Evidence in a trial can take almost any shape or form. For murder trials, people think of weapons. For fraud cases, perhaps incriminating documents comes to mind. For a personal injury case, the options are almost limitless yet likely “flip flop” is not the first image that pops up; especially in a maritime case. Yet in this case, Garrard Myers makes quite the fuss over the state of his sandals.
Mr. Myers was working aboard Hercules Offshore Services, L.L.C.’s (“Hercules”) drilling rig in 2013 when he injured his left ankle coming out of the shower. Mr. Myers subsequently filed a lawsuit against Hercules pursuant under the Jones Act and general maritime law. See 46 U.S.C. § 30104 et. seq. Mr. Myers alleged that Hercules’ drilling rig was unseaworthy and that Hercules was negligent in failing to provide handrails or slip-resistant surfaces in the vessel’s showers.
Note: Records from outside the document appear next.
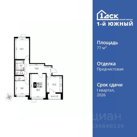 Прямая продажа от застройщика! Жилой Комплекс класса Комфорт Плюс. Продаётся 3-к квартира номер 310 общей площадью 76.4 кв.м. на 16-м этаже 25 этажного дома. Отделка Whitebox. Цена с учётом скидки! Особенности квартиры: - МЦД-5 в пешей доступности - Квартал с южным садом - Свои 3 детских сада и 2 большие школы - Просторная спальня, в которой можно разместить большую кровать. - Распашная планировка - отличное сочетание удобства и свободы. - Раздельный санузел - больше удобства для всех членов семьи. - Просторная кухня - место для семейных ужинов и кулинарных экспериментов. - Линейная кухня - функциональность и практичность в одном решении. - Лоджия - уютное место для отдыха и тишины. Квартира с предчистовой отделкой (White box). Вам не придется заниматься черновыми и трудоёмкими работы, а чистовую отделку и дизайн - сделайте на свой вкус. Информация о комплексе: Одно из преимуществ проектов 1- ДСК большие застекленные лоджии. Другое преимущество честный евро-формат. Во всем проекте предусмотрена система Умный дом. В состав устанавливаемого пакета устройств входит: WiFi реле для управления группами потребителей, беспроводной кран перекрытия с эл. приводом, беспроводной сенсор протечки, Яндекс Станция Мини. Его расположение можно назвать удачным за счет транспортной доступности и близости к природным объектам. По соседству лес, а в каждом дворе плодовые деревья. Весной квартал окутывает бело-розовое облако: это цветут яблони, груши, сливы. К августу в воздух наполняется ароматом созревших плодов. Зимой среди покрытых инеем деревьев протянулась лыжня. Транспортная доступность: - Общественный транспорт: Действующая ж/д станция Булатниково (в перспективе будущая МДЦ D5) в пешей доступности, всего 10-12 минут. - Личный автотранспорт: Удобный выезд на трассу М4-Дон в сторону Москвы и области 850 м, до МКАД - 1 км Внутренняя инфраструктура: Красивые продуманные подъезды - еще одно преимущество проекта 1-й Южный. Вход в сквозные подъезды есть и с улицы, и со двора. Благодаря сплошному остеклению в них всегда светло и уютно. Подъезды расположены на уровне земли, поэтому и молодым родителям с коляской, и жильцам с ограниченными возможностями вход и выход неудобств не доставят. В помещении предусмотрено место под стойку ресепшен с выводом инженерных сетей. Если жильцы решат на общем собрании, что необходим охранник или консьерж, организовать для них рабочее место можно быстро и с минимальными затратами. В подъездах предусмотрены уборные для детей и взрослых. Колясочные в каждом подъезде позволяют поддерживать порядок и чистоту на этажах. На случай прогулки с четвероногим питомцем в непогоду в подъездах устроены лапомойки. Во дворах и на общественных территориях 1-ого Южного столько всего интересного для юных обитателей. Собственные 3 детских сада и 2 больших школы буквально под окнами Изюминка проекта - пешеходный бульвар-дендрарий, он идеален для семейных прогулок. По сторонам прогулочной зоны разместились точки дл
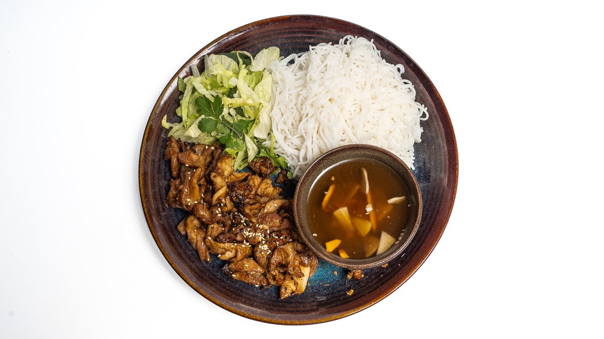 Rýžové nudle, grilované vepřové maso na citronové trávě, zelenina, čerstvé bylinky, rybí omáčka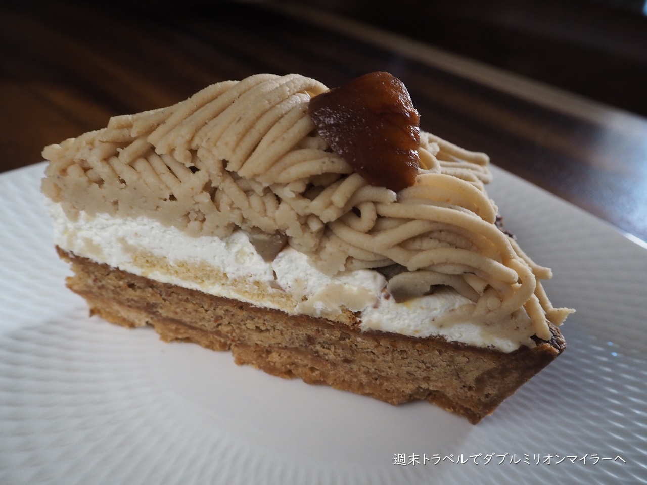 生クリーム、スポンジケーキ、そしてマロンペーストの組み合わせ、生クリームとマロンペーストの間にはクラッシュマロンがたくさん入っていて、栗をそのまま味わえるようにもなっています。
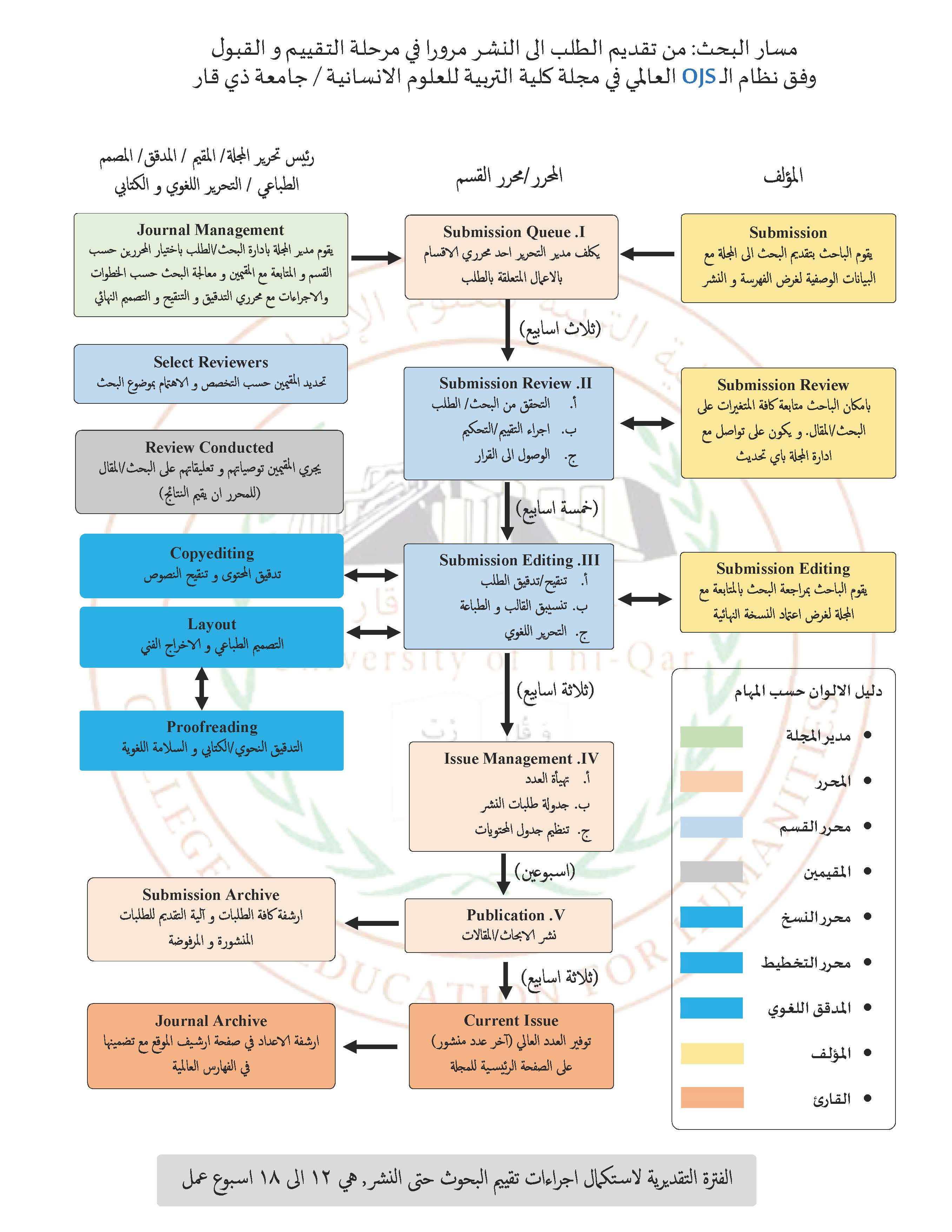Manuscripts submitted to the Journal of the College of Education for Human Sciences – University of Thi-Qar undergo a structured and transparent review process to ensure academic quality and integrity. The process follows the stages outlined below:
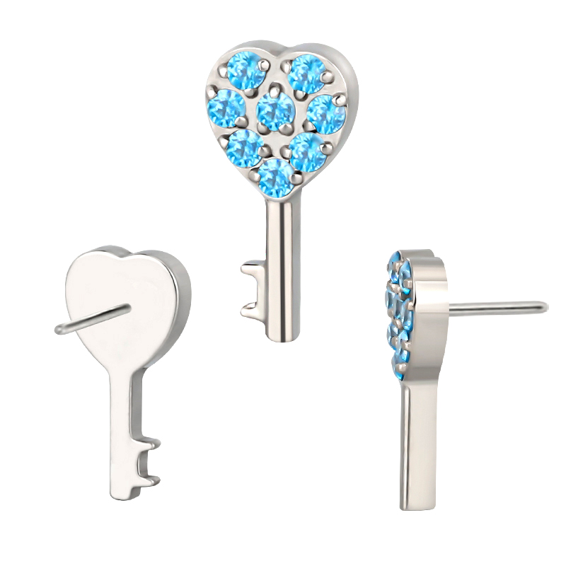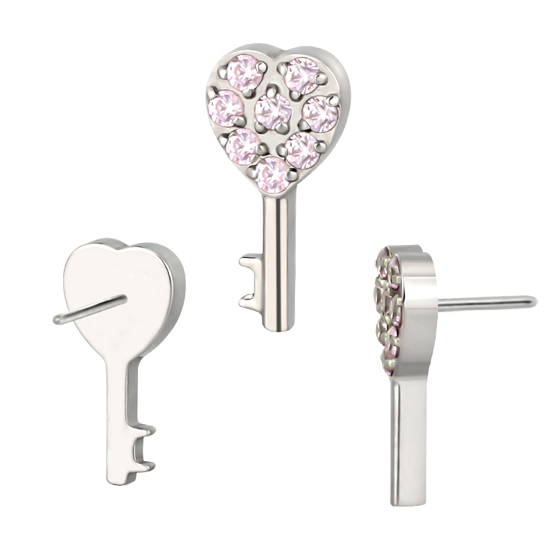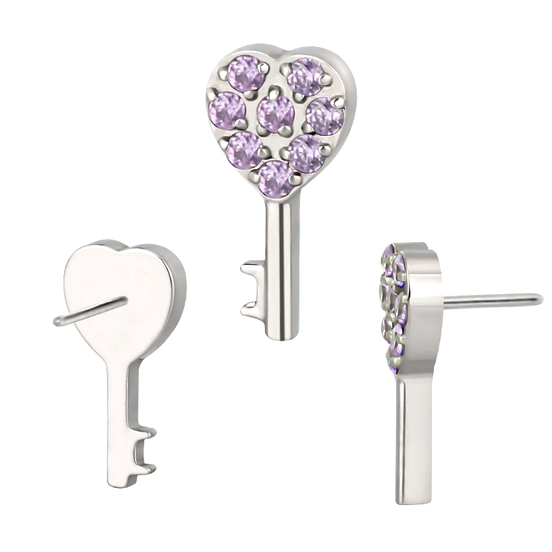 Titanium Push In CZ Paved CNC Heart Key Threadless Top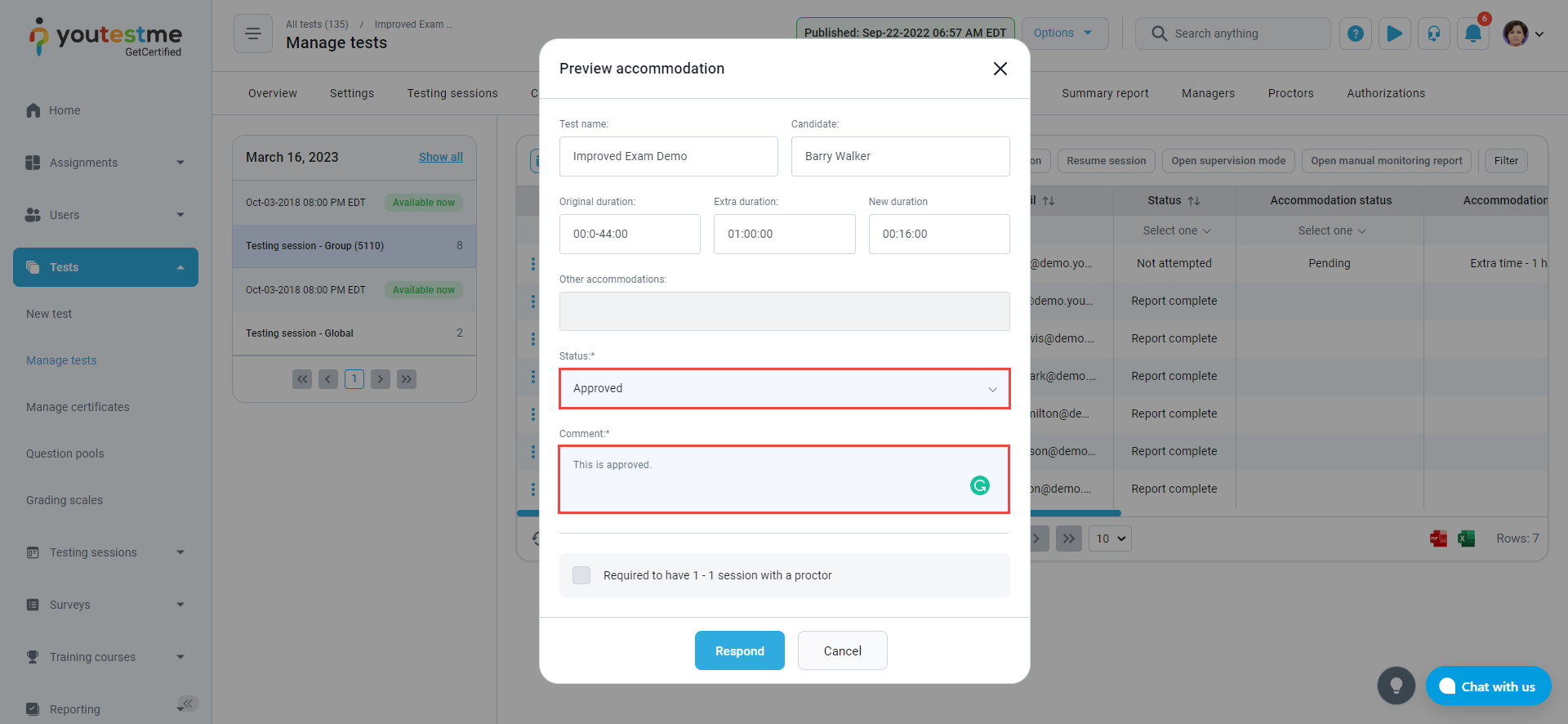 When a proctor is presented with a special accommodation request, they can take action by selecting the Respond button. This will bring up a pop-up dialog where the proctor can review the details of the accommodation and either approve or decline the request. Additionally, the proctor can add a comment to provide additional context and information about their decision. Once the proctor has made their decision, they can set the status of the accommodation request to reflect their decision.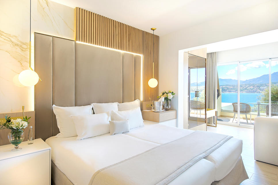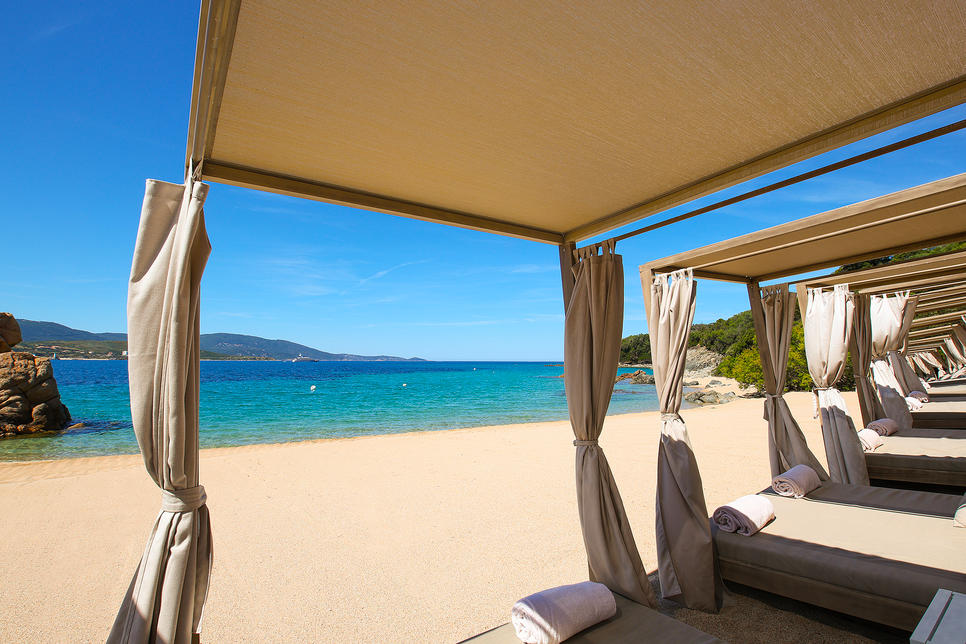 Blottie entre mer et maquis, cette propriété vous enlace d’une atmosphère apaisante et vous invite à lâcher prise dans un univers d’élégance et de délicatesse. Les chambres et les suites au design épuré, véritables cocons de douceur, révèlent toute la beauté de l’horizon marin à travers de larges baies vitrées. L’atmosphère subtile du Spa Clarins vous transporte dans un monde de bien-être et de sérénité, au même titre que les espaces de détente lovés entre les superbes piscines, les chênes-lièges et les oliviers. Un peu plus bas, la plage dorée léchée par les eaux translucides vous attend pour de précieux instants. Enfin, la proposition culinaire, fabuleusement orchestrée, cultive l’esprit corse à travers des créations divines.

At trial, conflicting facts were presented on the cause of Mr. Myers injury. Mr. Myers stated that he simply slipped on the shower floor. Hercules representative Randall O’Brien testified however that Mr. Myers stated his flip flop broke and then he fell in the shower. Mr. O’Brien also testified that an incident report stated that Mr. Myer’s shoe broke and Mr. Myers signed this report. Moreover, Mr. Myers admits to signing the report yet denies having read the portion of the report about his broken flip flop. Mr. Myers at trial denied that his flip-flop was ever broken or that he communicated about his flip flops to anyone. Mr. Myers even brought the supposed shower shoes to trial to show they were intact.